The Math Behind Bancor Token Exchange Smart Contract

in #bancor7 years ago

Bancor has a great pitch regarding instant smart-contract enabled token exchange. I'll approach this post from the point of view of token issuers, usually in the form of ICOs or even other methods (such as community-issued tokens).

So how does the math work? Say you have an ICO and raise 10,000 ETH. Now the idea behind Bancor is that you'll be able to put a fraction of it locked into a smart contract. Say you decide on 20%. This means 20% of 10,000 ETH which is 2,000 ETH will be locked away in a smart contract. The purpose of the smart contract is to provide a fixed price for each buy and sell of the token against the reserve, i.e. ETH. For example, if your ICO token is IXX and you've issued 1,000,000 (million) tokens, then based on the ICO price, it is valued at 100 IXX = 1 ETH or the price of each IXX token is 1,000,000/10,000 = 0.01 ETH. Now, you lock up 2,000 ETH in a smart contract. This is only to provide liquidity - it should NOT be subtracted from the project valuation. This 2,000 ETH in reserve are worth a total of 2,000 * 100 = 200,000 IXX tokens based on the ICO price.
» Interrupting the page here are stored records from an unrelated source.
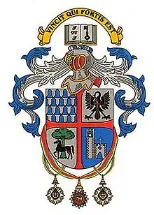 As a legitimate descendant, Hernan Garcia de Gonzalo y Vidal holds honorary and nobility rights such as the use of de Tejada as part of his last name and the exclusive use of the Coat of Arms, blazon described in the Royal Cedula of Henry IV, given in Valladolid the 1st. of September 1460, confirmed by the Catholic Monarchs, the Emperor Charles V and his successors until King Juan Carlos I in 1981.[6]
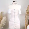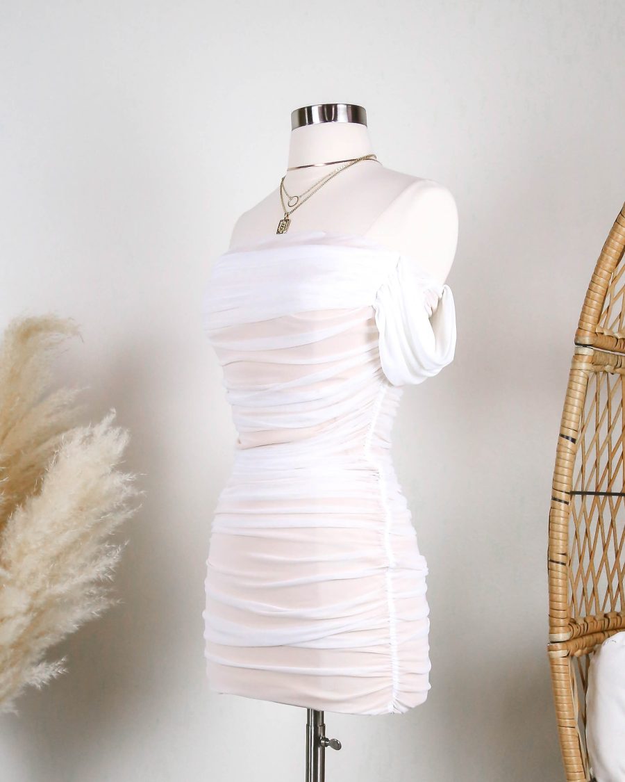The cutest dress featuring a strapless square neck design, back zip closure, ruched detailing throughout, and an off the shoulder sleeves. Nude lining with a white mesh overlay.
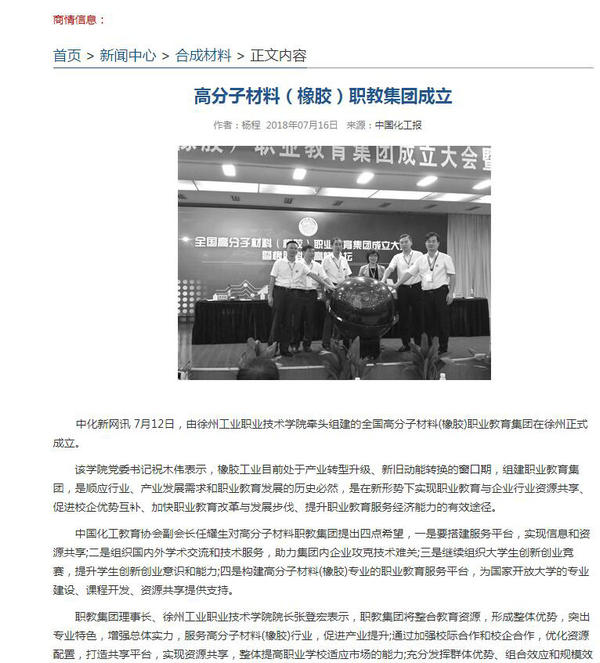 7月12日,由徐州工业职业技术学院牵头组建的全国高分子材料(橡胶)职业教育集团在徐州正式成立。
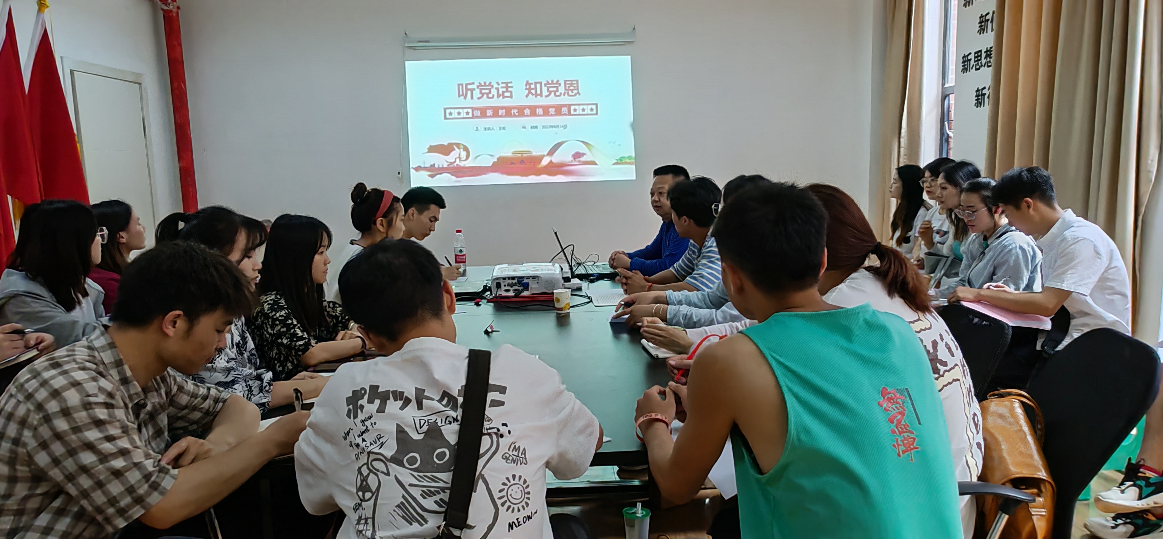 学生第二党支部的全体党员上题为《听党话 知党恩 做新时代合格党员》的专题党课。
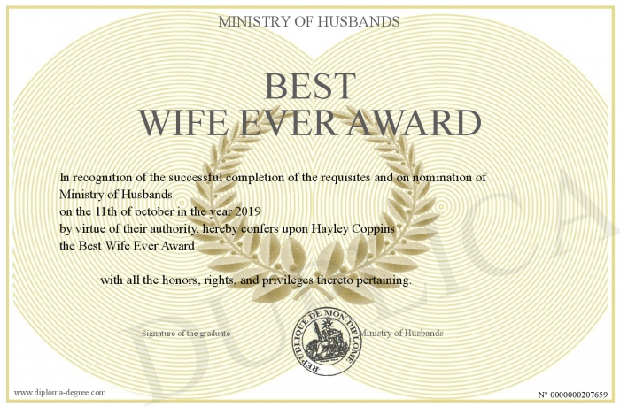 Certificate-degree can have your Best Wife Ever Award
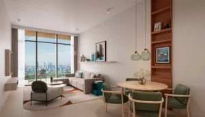 The development offers fully furnished 1–2BR branded residences from 633 to 1,085 sq.ft.
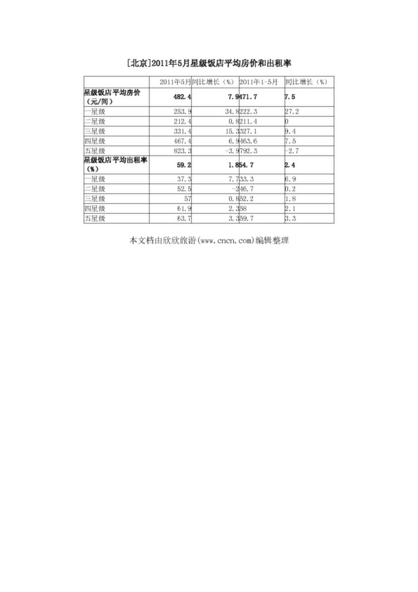 [北京]2011年5月星級(jí)飯店平均房?jī)r(jià)和出租率
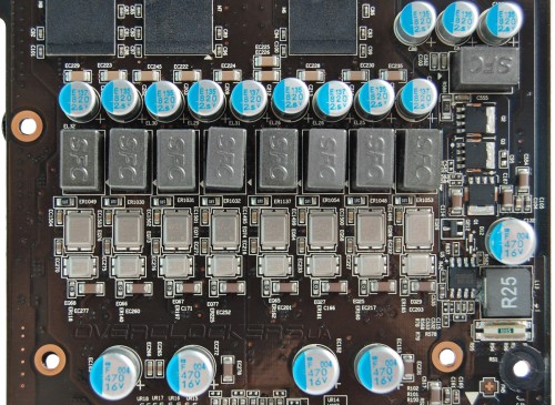 Основной переработке подверглась система питания, выполненная по схеме «8+1». Используются высококачественные компоненты Military Class II. В частности, на плате мы видим «мосфеты» нового поколения в корпусе DirectFET, которые пока еще никто кроме MSI не использует на видеокартах. И до недавнего времени это была прерогатива флагманских продуктов — N580GTX Lightning, R6970 Lightning и N480GTX Lightning.
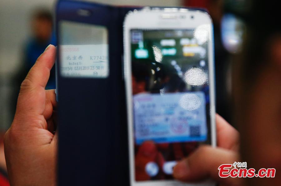 A passenger takes the picture of the train ticket before taking the underground railway line that connects Beijing’s two major railway stations, March 20, 2015. The K7742 train from Shijiazhuang in Hebei province stops at the two stations before arriving at its destination Chengde, also in Hebei province. It takes 15 minutes for the train to travel the underground section, compared with the usual 40 minutes for passengers to transfer between the two stations using other public transport. Most passengers travelling to China's north and northeast have to depart from Beijing Railway Station, while those heading for the south board their trains at Beijing West Railway Station. The completion of the direct line between the two stations also marks the connection of the Beijing-Guangzhou Railway and the Beijing-Harbin Railway, two major railway lines in China. (Photo: China News Service/Liu Guanguan)
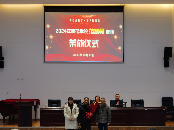 初心育桃李,韶华铸师魂。会议最后为范智勇老师举行了温馨的荣休仪式。范老师用认真严谨的态度、无私奉献的精神为校院发展贡献了自己的青春和智慧,彰显了高尚的师德风范和育人情怀。kaiyun中国官方网站荣休活动让尊师重教文化持续弘扬,激励更多青年教师成为“经师”和“人师”相统一的“大先生”。
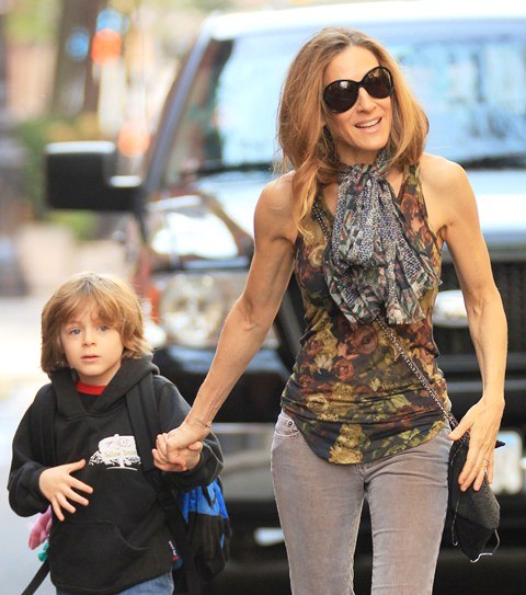 Sarah Jessica Parker has been awfully visible lately. Maybe because of the weather. It’s warm and sunny in New York and she’s walking her kid to school with a twin attached to her chest as the paps pap away. Last night SJP turned up to support Bravo’s Work of Art: The Next Great Artist, a show she is co-producing. This morning she was back out in a tank top and grey skinnies to take James Wilkie showing off her super lean, super veiny, kinda gross arms that she never gets criticised for because she’s nice to Oprah.
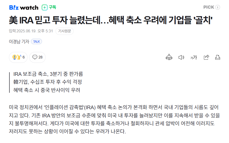 ⚠️ 미국 상원에서 IRA(인플레이션 감축법) 태양광·풍력 세제 혜택을 조기 폐지하거나 축소하는 법안 추진 중
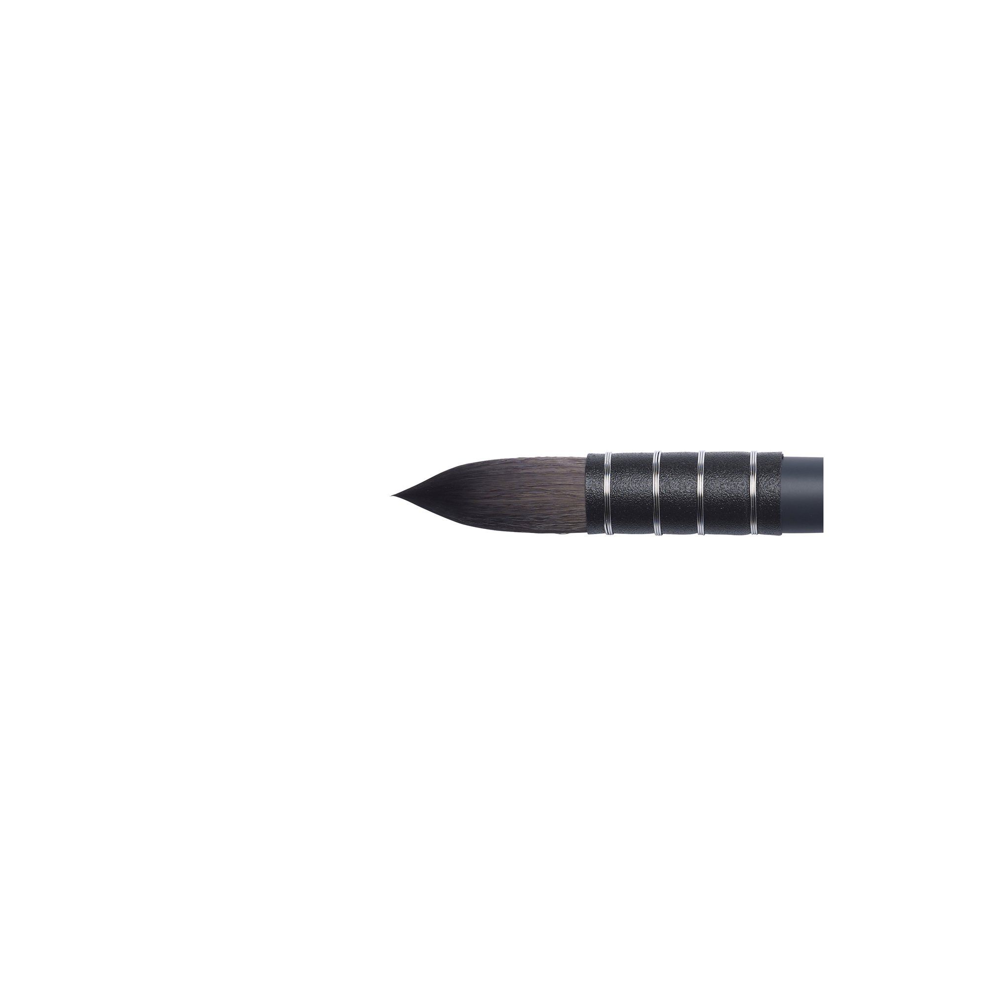 Un pinceau synthétique de qualité professionnelle qui offre la qualité d'un pinceau en poils naturels, sur un manche court ergonomique à double corps unique, dans un gris mat foncé, pour un contrôle et un confort optimal.

Now that you have 2,000 ETH in a smart contract, you can start buying or selling IXX. Say you buy 100 ETH worth of IXX via this smart contract. This means the total smart contract balance is now 2,000 + 100 = 2100 ETH. 100 ETH, based on the current price, buys you 100 * 100 = 10,000 IXX.

Here comes the interesting part. Let's calculate the new price of IXX tokens in the smart contract. What's the fair price now, after the buy? Clearly, the smart contract needs to adjust the price each time, otherwise you can simply keep getting cheaper IXX tokens from the smart contract instead of the market, and there is no benefit whatesoever (in fact it is detrimental to your project).

Here's the formula now to calculate the price: Balance/(Supply*Reserve ratio). In our case, this is -
2100/(1000000 * 0.20) = 0.0105.

And viola! This is where the magic happens. The original price of IXX in ETH was 0.01 and now it is 0.0105. The price has increased after the buy. As expected, it should be more expensive now to buy IXX than it was before. The exact dynamic but in reverse happens when someone wants to sell IXX for ETH from the smart contract. This will reduce the price of IXX accordingly, and we can go through the exact same calculations above.

In this way, Bancor provides a continuously adjusted price for the smart contract. If many people are buying, the price increases and if many are selling, the price decreases. This is exactly like a traditional exchange dynamic of buyers and sellers setting price. However, in Bancor's case, everything is intermediated through smart contract and not central intermediaries and so there is no counterparty risk involved.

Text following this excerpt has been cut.